6. Enrichment analysis
Gene-set enrichment and genomic region set enrichment analysis was performed using regionset_profiler (https://github.com/stephenkraemer/regionset_profiler). Enrichment of genomic region sets in individual DMR clusters against the background of all other DMRs was tested using Fisher's exact test (two-sided). Repeat region sets were retrieved from the mm10 repeat masker track provided by the UCSC genome browser. Genome-wide transcription factor binding site predictions based on the scanMotifGenomeWide.pl algorithm from the HOMER toolbox8 were obtained from the HOMER download page: http://homer.ucsd.edu/homer/data/motifs/homer.KnownMotifs.mm10.170917.bed.gz. Curated ChIP-seq transcription factor binding sites as determined by the Encode and Codex projects were obtained from the LOLA database (http://big.databio.org/regiondb/LOLACore_180412.tgz)9. For gene-set enrichment, only promoter DMRs were considered and gene-set membership for each DMR was determined based on its gene annotation. Association between cluster membership and gene-set membership was tested using Fisher's exact test (two-sided). Gene-sets were obtained from the Molecular Signatures Database (MSigDB, v6.2)10 (http://www.gsea-msigdb.org/gsea/msigdb/collections.jsp)
7. RNA sequencing
RNA was isolated from sorted LSK cells using the RNeasy Micro kit (Qiagen). RNA quality was checked using the Bioanalyzer Pico kit. RNA with a RIN value of <8 was excluded from library preparation. Double-stranded cDNA was synthesized and amplified using the SMARTer Ultra Low RNA kit (Clontech). Sequencing libraries were generated with the Illumina Nextera XT kit and sequenced the 150bp paired-end, mode of an Illumina NovaSeq 6000 instrument. Read demultiplexing was performed using Illumina Casava Software v1.8.

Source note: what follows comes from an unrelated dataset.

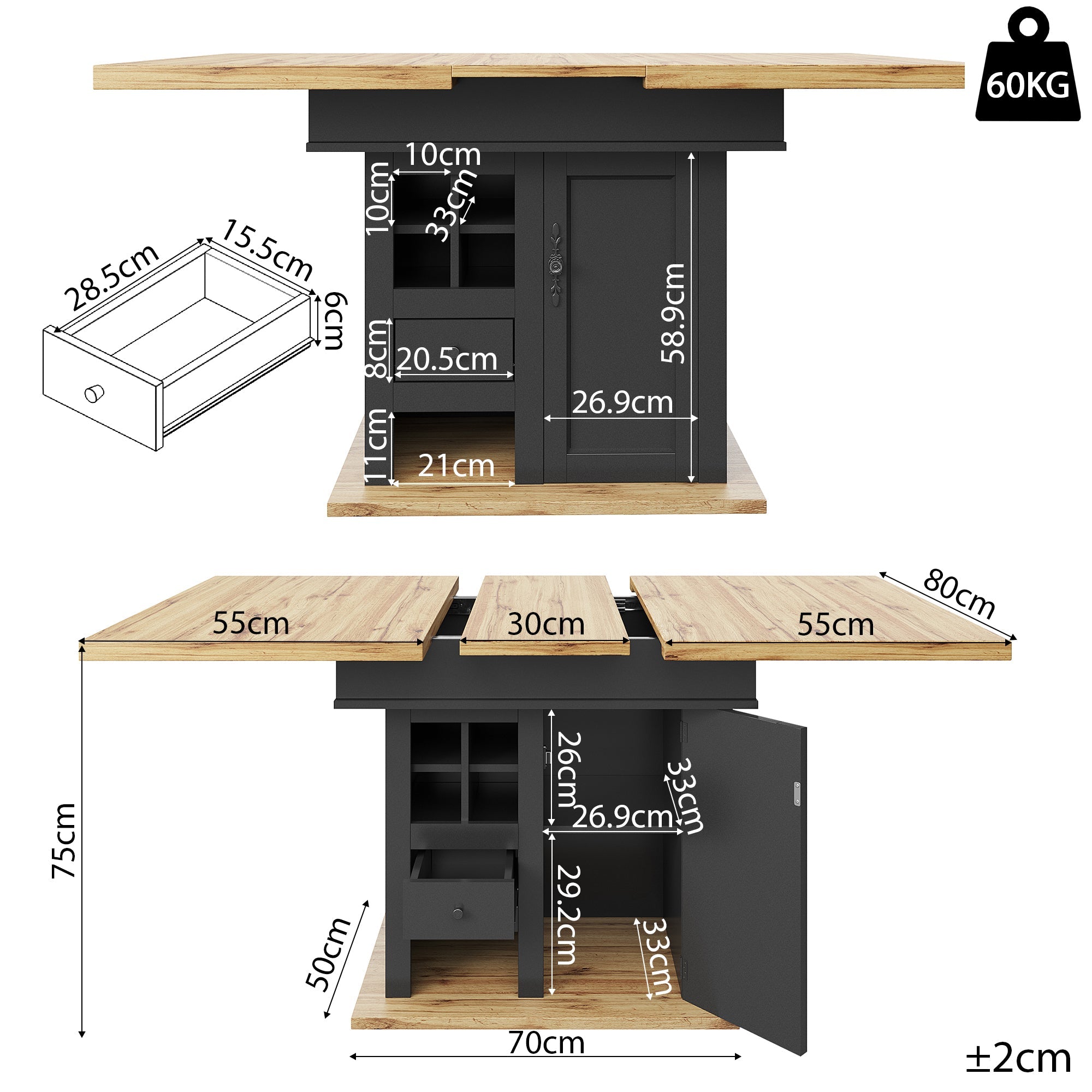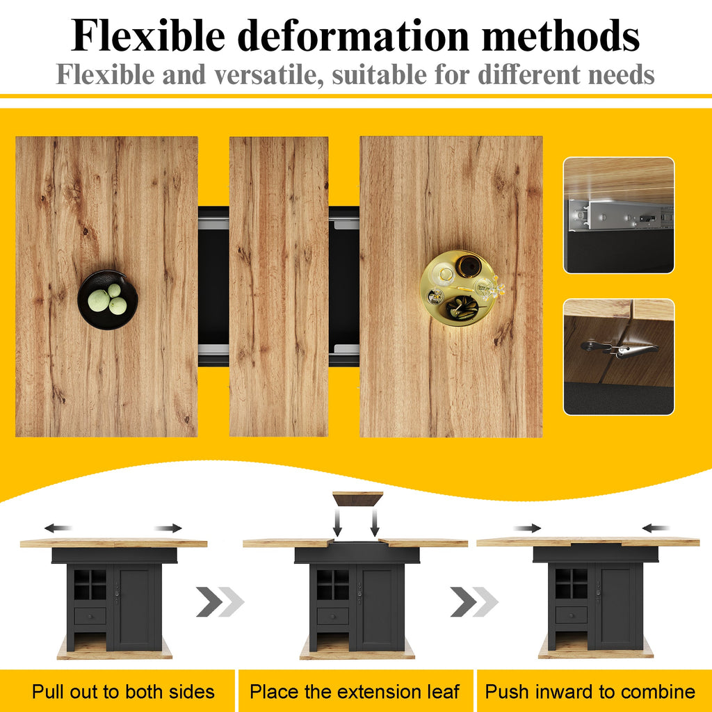 Telescopic Dining Table, Extendable 4-6 Person Space-Saving with Wine Rack, MDF/Metal

Reads were filtered for adapter contamination and quality and aligned to mus musculus genome GRCm38 using Hisat2 version 2.0.5. Fragment counts of mapped read pairs for genes and repetitive elements were extracted with featureCounts (v1.6.2 with the following parameters: -s 0 -p -B -Q 20) using a custom GTF file consisting of exonic gene regions from Ensembl Mus_musculus.GRCm38.98.chr.gtf.gz and repetitive elements (repeatmasker track for mm10 downloaded from UCSC genome Browser at 2018-07-06) excluding simple repeats. Strand unspecific fragment counting was used, since libraries were generated in a non-strand specific manner. Furthermore, we excluded repeat annotations overlapping with exonic regions. All genes with coverage were included into the analysis. Read inspection was performed using IGV (https://igv.org/, v2.5.2). Differential expression and normalized FPKM values were calculated with edgeR (edgeR_3.26.6).
8. Analysis of repetitive element RNA expression
We downloaded the annotation of repetitive regions for mouse genome mm10 from UCSC genome browser. We excluded simple repeats and added the remaining regions to the ENSEMBL gene model GTF file Mus_musculus.GRCm38.92.chr.gtf. We used featureCounts to extracted read counts. The read count matrix of all genes and repeat families was subject to RPKM calculation and differential gene expression analysis with edgeR.
9. GSEA of TCGA RNA-seq data
We downloaded level 3 processed (normalized RPKM) RNA-seq data from TCGA. We used the available mutation status information from the TCGA MAF file and stratified the patients into two groups: DNMT3A-WT and DNMT3A-R882mut. This data set was analyzed with Gene set enrichment Analysis (GSEA) software.